What needs to be done - Set down exactly the lines below, starting at the one that contains "저탄수화물 식단은 말" and ending at the one that contains "자전거를 타고 가다 새끼를", with both of those lines included and nothing else.

Data for analysis -
======

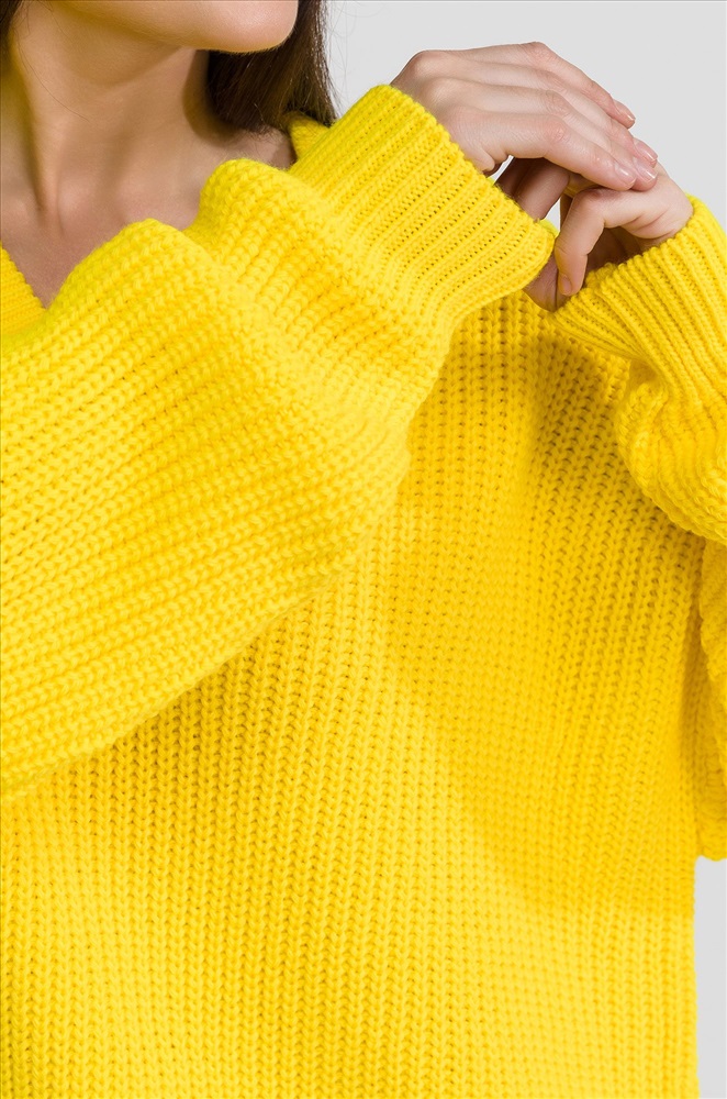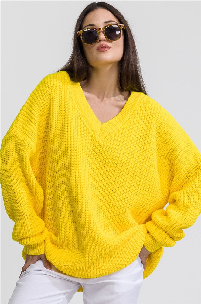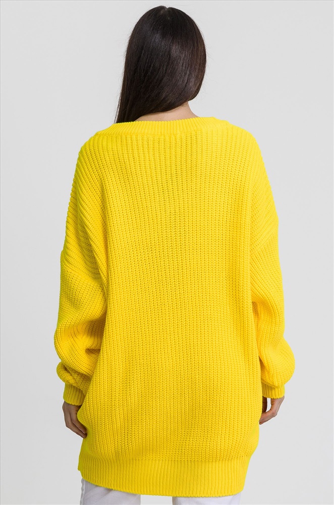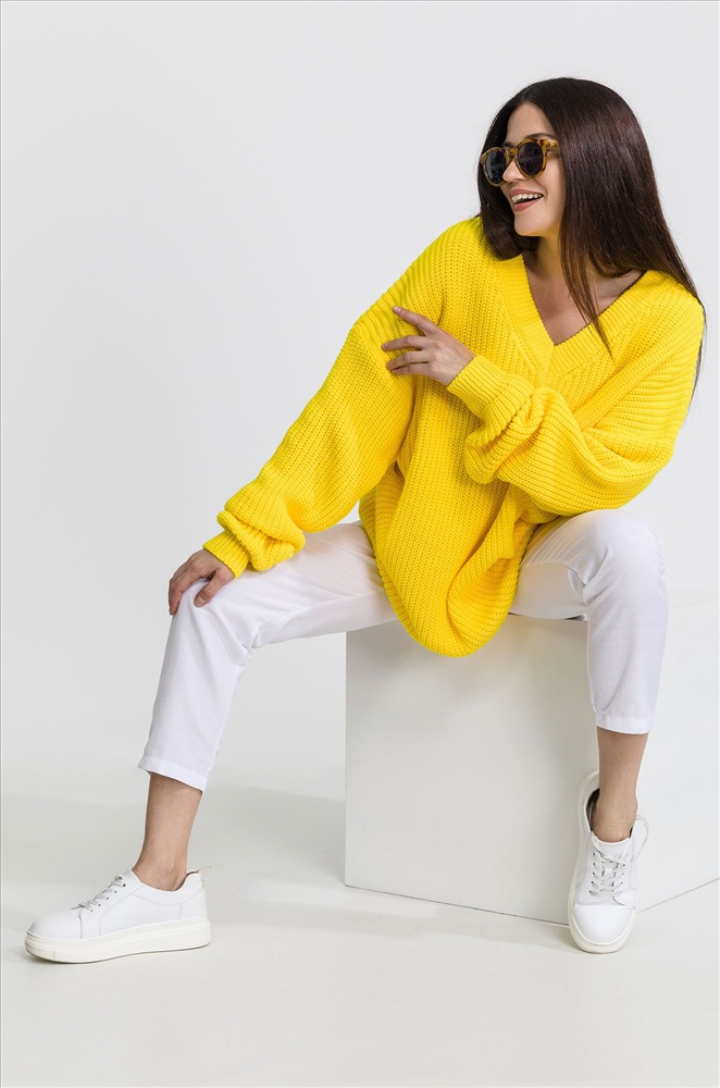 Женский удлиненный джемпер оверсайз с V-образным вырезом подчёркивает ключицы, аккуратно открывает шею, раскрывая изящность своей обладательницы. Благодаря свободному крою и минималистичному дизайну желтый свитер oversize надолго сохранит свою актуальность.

======

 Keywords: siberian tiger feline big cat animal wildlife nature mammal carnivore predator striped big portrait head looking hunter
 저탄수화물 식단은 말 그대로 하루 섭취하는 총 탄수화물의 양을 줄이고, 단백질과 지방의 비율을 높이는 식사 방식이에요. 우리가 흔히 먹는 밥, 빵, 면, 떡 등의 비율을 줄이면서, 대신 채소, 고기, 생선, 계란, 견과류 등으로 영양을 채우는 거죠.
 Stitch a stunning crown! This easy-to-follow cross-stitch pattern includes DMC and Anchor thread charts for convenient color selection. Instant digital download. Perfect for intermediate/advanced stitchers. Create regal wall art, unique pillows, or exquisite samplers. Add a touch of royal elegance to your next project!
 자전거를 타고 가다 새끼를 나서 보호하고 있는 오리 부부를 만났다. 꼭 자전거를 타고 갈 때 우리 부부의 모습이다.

======

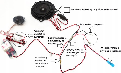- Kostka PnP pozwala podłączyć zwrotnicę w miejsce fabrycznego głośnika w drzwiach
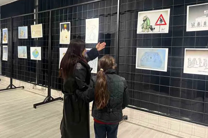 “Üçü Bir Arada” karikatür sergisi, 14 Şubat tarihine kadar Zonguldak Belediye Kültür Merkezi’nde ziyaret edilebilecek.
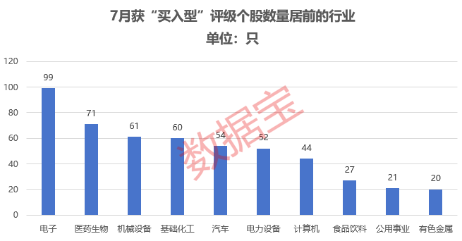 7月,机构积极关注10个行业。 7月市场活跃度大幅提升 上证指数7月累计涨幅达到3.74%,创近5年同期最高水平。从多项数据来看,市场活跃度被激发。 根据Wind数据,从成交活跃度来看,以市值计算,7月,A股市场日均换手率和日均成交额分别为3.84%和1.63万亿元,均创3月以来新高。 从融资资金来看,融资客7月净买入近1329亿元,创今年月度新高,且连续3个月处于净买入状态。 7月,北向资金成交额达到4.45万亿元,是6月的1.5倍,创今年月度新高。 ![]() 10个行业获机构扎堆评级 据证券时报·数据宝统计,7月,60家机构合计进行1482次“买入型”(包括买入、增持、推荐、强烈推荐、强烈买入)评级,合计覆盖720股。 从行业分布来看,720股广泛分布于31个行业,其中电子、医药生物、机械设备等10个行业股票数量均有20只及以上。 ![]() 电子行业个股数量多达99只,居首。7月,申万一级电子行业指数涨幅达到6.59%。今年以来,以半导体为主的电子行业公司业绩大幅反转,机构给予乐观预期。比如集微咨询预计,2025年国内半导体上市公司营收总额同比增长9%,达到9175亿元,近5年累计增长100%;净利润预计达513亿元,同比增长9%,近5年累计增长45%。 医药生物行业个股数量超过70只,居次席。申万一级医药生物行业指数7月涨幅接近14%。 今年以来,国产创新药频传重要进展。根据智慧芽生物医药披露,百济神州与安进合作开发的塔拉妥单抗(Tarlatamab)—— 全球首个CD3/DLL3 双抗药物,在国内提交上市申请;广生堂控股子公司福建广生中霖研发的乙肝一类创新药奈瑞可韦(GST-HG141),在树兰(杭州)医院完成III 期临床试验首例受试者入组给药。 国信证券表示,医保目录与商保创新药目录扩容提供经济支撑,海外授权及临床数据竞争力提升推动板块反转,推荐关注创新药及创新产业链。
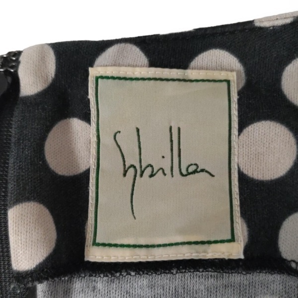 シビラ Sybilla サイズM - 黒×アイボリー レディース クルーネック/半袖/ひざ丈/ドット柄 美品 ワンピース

======

Your response -
 저탄수화물 식단은 말 그대로 하루 섭취하는 총 탄수화물의 양을 줄이고, 단백질과 지방의 비율을 높이는 식사 방식이에요. 우리가 흔히 먹는 밥, 빵, 면, 떡 등의 비율을 줄이면서, 대신 채소, 고기, 생선, 계란, 견과류 등으로 영양을 채우는 거죠.
 Stitch a stunning crown! This easy-to-follow cross-stitch pattern includes DMC and Anchor thread charts for convenient color selection. Instant digital download. Perfect for intermediate/advanced stitchers. Create regal wall art, unique pillows, or exquisite samplers. Add a touch of royal elegance to your next project!
 자전거를 타고 가다 새끼를 나서 보호하고 있는 오리 부부를 만났다. 꼭 자전거를 타고 갈 때 우리 부부의 모습이다.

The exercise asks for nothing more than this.